Он выдержал ее взгляд.
– Пытался, – подтвердил он. – Не вышло.
– Так ферма досталась вашему брату Робу? – с невинным видом уточнила она. – Вашему младшему брату?
– Моему младшему брату, – спокойно повторил он. – Так договорились, еще когда мы были детьми. Как видите, я хром и часто бываю прикован к постели. Поэтому мне дали образование, а Робу досталась ферма. Так было лучше… лучше для всех.
– Что ж, – наконец сказала она, – мы оба высказались. И это к лучшему. Мы подружимся?
Ни один из них не услышал, как приоткрылась дверь, и не увидел, как Роб тихонько заглянул в класс. Он был чисто выбрит, так что его загорелое лицо сияло; волосы были смочены водой и аккуратно уложены на пробор; ботинки надраены. На Робине был его лучший наряд – плотный синий костюм из кооперативного магазина готового платья в Ливенфорде, новый воротничок и клетчатый галстук. Он вошел и подмигнул Дейви.

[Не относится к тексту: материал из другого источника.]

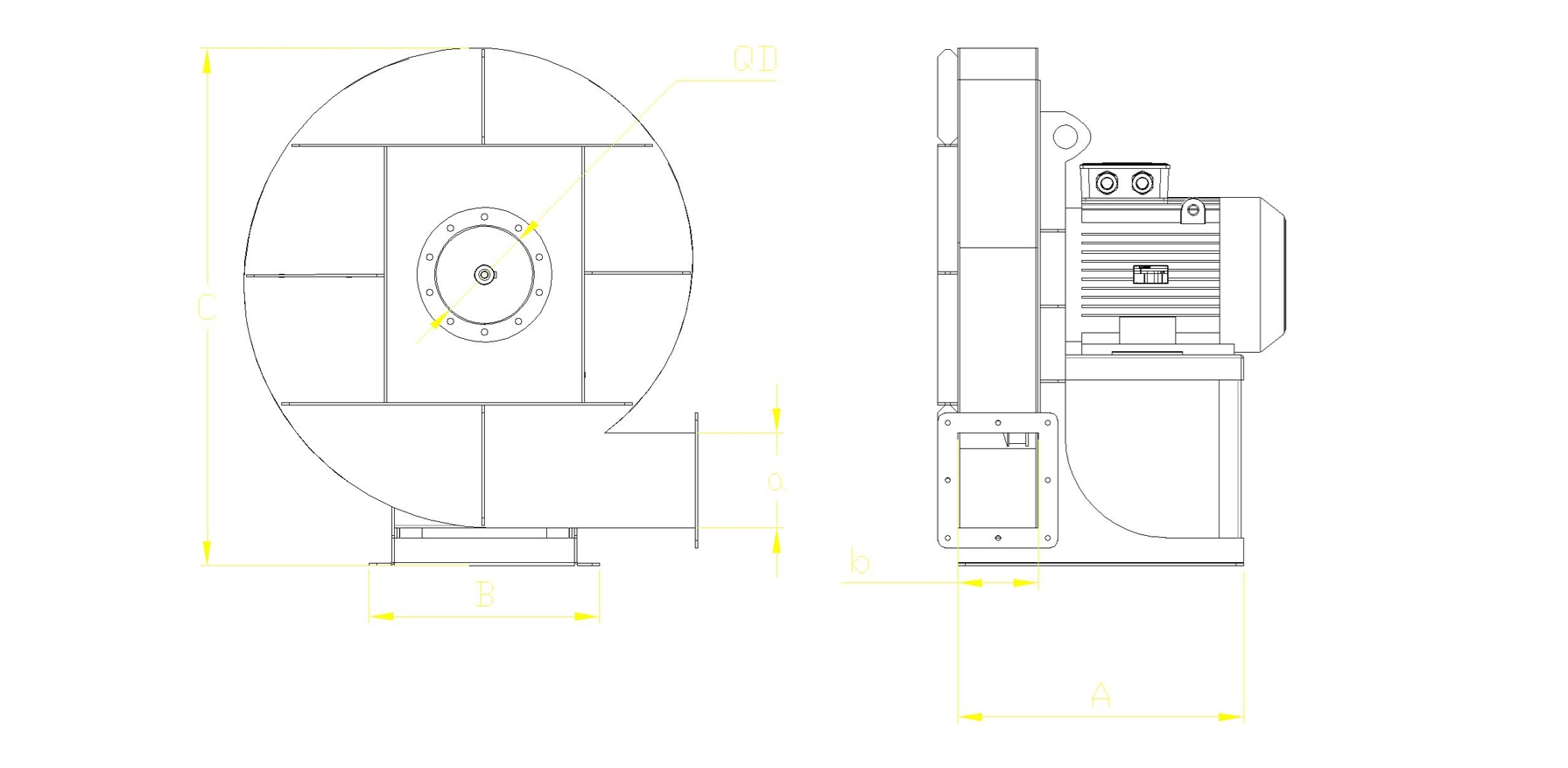 ENDÜSTRİYEL RADYAL FAN YÜKSEK BASINÇLI GERİYE EĞİMLİ SEYREK KANATLI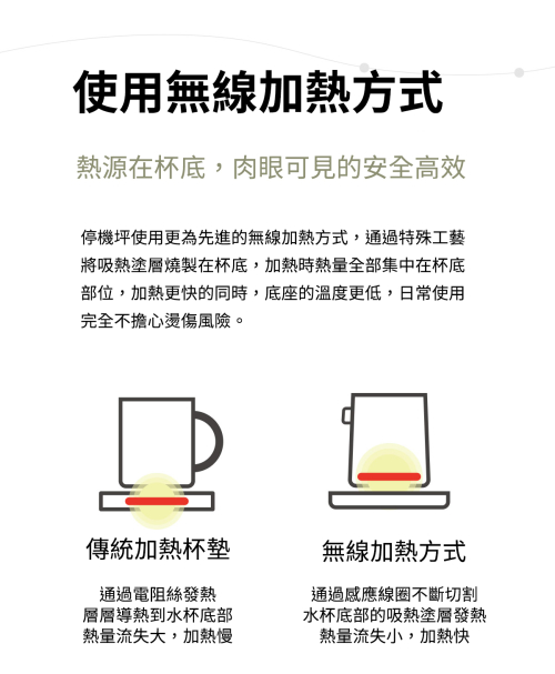 停機坪使用更為先進的無線加熱方式,通過特殊工藝 將吸熱塗層燒製在杯底,加熱時熱量全部集中在杯底 部位,加熱更快的同時,底座的溫度更低,日常使用 完全不擔心燙傷風險。
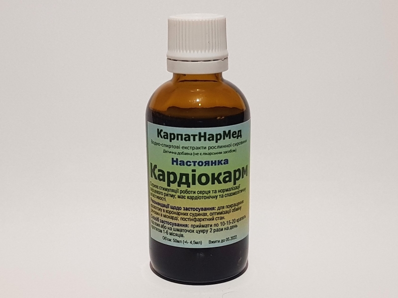 |     Hастоянка "КАРДІОКАРМ" сприяє стимуляції роботи серця та нормалізації серцевого ритму; має кардіотонічну та спазмолітичну властивості.      Склад: водно-спиртовий екстракт суміші собачої кропиви, жовтушнику сіруватого, горицвіту весняного, валеріани лікарської, глоду криваво-червоного, конвалії травневої (1:10). Екстрагент: спирт етиловий 40%.     Рекомендації щодо застосування: для покращення кровотоку в коронарних судинах, оптимізації обміну речовин в міокарді; постінфарктний стан.     Спосіб застосування: приймати по 10-15-20 крапель під язик або на шматочок цукру 2 рази на день протягом 1-6 місяців.     Дієтична добавка (не є лікарським засобом).     Протипоказання та застереження щодо споживання: індивідуальна чутливість до компонентів, вагітність, період лактації, дітям до 12-ти років.     Не перевищувати рекомендовану добову дозу.     Перед застосуванням рекомендована консультація лікаря.     Не слід використовувати як заміну повноцінного раціону харчування.     УВАГА! САМОЛІКУВАННЯ МОЖЕ БУТИ ШКІДЛИВИМ ДЛЯ ВАШОГО ЗДОРОВ'Я!

– Ну конечно, мы подружимся! – громогласно заявил он. – А как же иначе!
Джесс развернулась и посмотрела на него, вскинув голову, словно защищаясь.
Дейви в полном замешательстве воскликнул:
– Роб! Что ты здесь делаешь в это время дня?
Не сводя восхищенного взгляда с Джесс, Роб ответил:
– Заглянул по дороге в Ливенфорд за быком, Дейви. По правде говоря, кхм-кхм, – с непомерной торжественностью добавил он, – я здесь не для того, чтоб повидать тебя, братец. Нет! Нет! Я заехал, чтобы… кхм-кхм… я заехал, чтобы посмотреть на прелестную новую учительницу, о которой все говорят.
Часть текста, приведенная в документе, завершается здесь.